IBHE vote holds key to center’s future
August 30, 1990
An NIU facility for off-campus graduate programming in Rockford might be established if a staff recommendation to go ahead with plans is approved Wednesday.
The Illinois Board of Higher Education’s vote, to be cast at its meeting at Decatur’s Millikin University, holds the key to the center’s future.
Gov. James Thompson is waiting for the IBHE’s approval of the Rockford Center before he decides to release the allocated $500,000.
But even if the money is freed, plans could be stalled for another year or more.
Thompson has until June 30, 1991 to release the money, said Ken Beasley, assistant to NIU President John La Tourette. If Thompson does not, the money would be reappropriated on the fiscal year 1992 budget, he said.
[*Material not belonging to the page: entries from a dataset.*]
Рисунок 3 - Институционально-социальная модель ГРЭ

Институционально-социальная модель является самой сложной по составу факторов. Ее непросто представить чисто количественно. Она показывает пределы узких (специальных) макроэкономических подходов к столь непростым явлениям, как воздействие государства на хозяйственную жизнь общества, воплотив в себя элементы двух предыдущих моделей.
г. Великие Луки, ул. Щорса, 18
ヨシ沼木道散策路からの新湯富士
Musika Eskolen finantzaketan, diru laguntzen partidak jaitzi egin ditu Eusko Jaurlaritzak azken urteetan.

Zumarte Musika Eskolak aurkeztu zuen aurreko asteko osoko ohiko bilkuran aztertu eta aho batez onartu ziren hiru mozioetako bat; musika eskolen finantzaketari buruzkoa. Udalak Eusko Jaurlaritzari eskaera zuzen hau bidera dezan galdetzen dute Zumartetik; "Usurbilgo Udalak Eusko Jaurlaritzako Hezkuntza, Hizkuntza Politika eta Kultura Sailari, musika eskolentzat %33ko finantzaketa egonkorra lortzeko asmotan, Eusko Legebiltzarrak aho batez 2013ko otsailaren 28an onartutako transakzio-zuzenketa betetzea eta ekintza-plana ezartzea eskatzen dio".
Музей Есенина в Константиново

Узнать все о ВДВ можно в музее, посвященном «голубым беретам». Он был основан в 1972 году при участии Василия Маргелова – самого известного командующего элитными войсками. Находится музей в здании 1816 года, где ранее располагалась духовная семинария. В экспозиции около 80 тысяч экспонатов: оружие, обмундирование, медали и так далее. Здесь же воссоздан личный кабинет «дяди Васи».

On the other hand, if the IBHE doesn’t approve the project, NIU “would continue in its present mode of serving Rockford,” which is about 30 miles from DeKalb, Beasley said.
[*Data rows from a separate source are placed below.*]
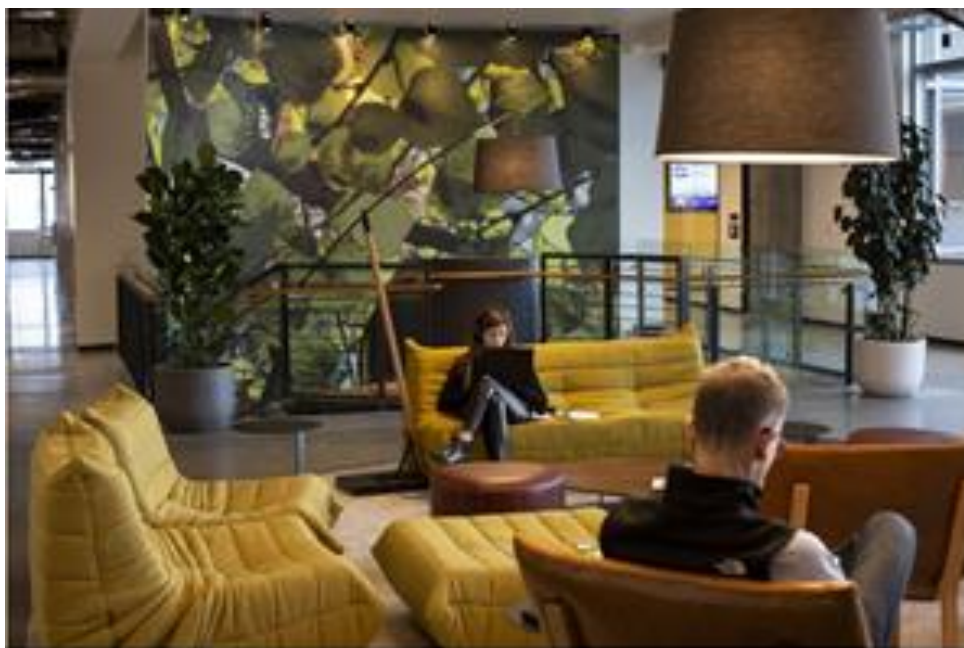
Концепция биофилии позволяет быть ближе к природе (рис. 3)

К примеру, в хорошую погоду большие раздвижные двери офиса открываются, превращая внутренний коридор нового здания в просторную зону отдыха. Кроме того, по периметру кампуса, раскинувшегося на территории в 162 тыс. кв. м, проложены дорожки для ходьбы пешком и езды на велосипеде. Компания установила там около двух десятков точек доступа Wi-Fi, спрятанных в искусственных камнях из стекловолокна, поэтому сотрудники могут работать как на большой лужайке, так и возле костровых ям.
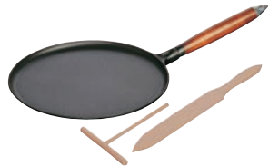
⑦ストウブ クレーパン 木柄 ブラック 28cm 40509-525
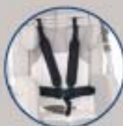
Chaleco 5 puntos
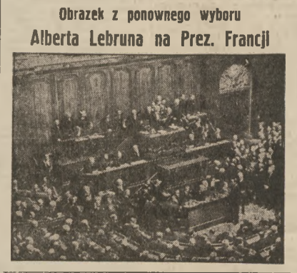
Obrazek z ponownego wyboru Alberta Lebruna na Prez. Francji

Klimat, fauna i flora na wybrzeżu mają charakter śródziemnomorski, w głębi kraju, w rejonie górskim, przelazie podlegają drzewom liściastym, charakter śródziemnoeuropejski, w większej części rosną zieleń. Na wybrzeżu rosą liczne gatunki oliwek. Stoki gór były do niedawna pokryte bogatymi lasami liściastymi i świerkowymi, które, począwszy od wielkiej wojny, zostały przeważnie rabunkowo gołopodarką w dużej części zniszczone. Bogactwa ziemne są tu dopiero jeszcze nie zbadane. Eksploatuje się sól na wybrzeżu oraz porfiry i azfali w Selenicy pod Waloną. Są czynione poszukiwania ropy i ten fakt zwrócił uwagę wielu zainteresowanych.
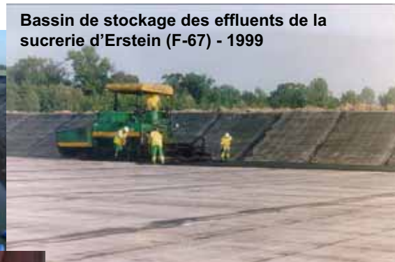
Bassin de stockage des effluents de la sucrerie d'Erstein (F-67) - 1999

NIU has been offering courses at various Rockford locations for more than 30 years through the NIU College of Continuing Education, Beasley said.
The IBHE report states that NIU offers more than half the off-campus programs available in the Rock Valley College district. But, at the July IBHE meeting, Board of Regents Chancellor Roderick Groves said the center is not intended as an NIU branch campus.
“We are talking about a facility in which to offer off-campus programming,” he said.
For example, a place to offer engineering courses with sufficient equipment does not exist, Beasley said. The Rockford Center also would allow NIU to be involved with economic development and research and community service, he said.
The report states the Rockford Center would “meet the needs of place-bound, part-time students…who are interested in upper-division and graduate programs that are not offered by local institutions.”
Graduate-level courses in computer science, corporate communication, engineering and technology, nursing, public administration and allied health are planned for the center.
The Rockford Center has been on hold for more than a year because of a legislative battle over money.
The project’s estimated cost would fall at $6,775,000, with state money picking up $6 million of the bill, the report states.
In late 1989, the General Assembly overrode Thompson’s veto of the $500,000. However, he agreed to release the money last March, but only after the IBHE reviews the plans.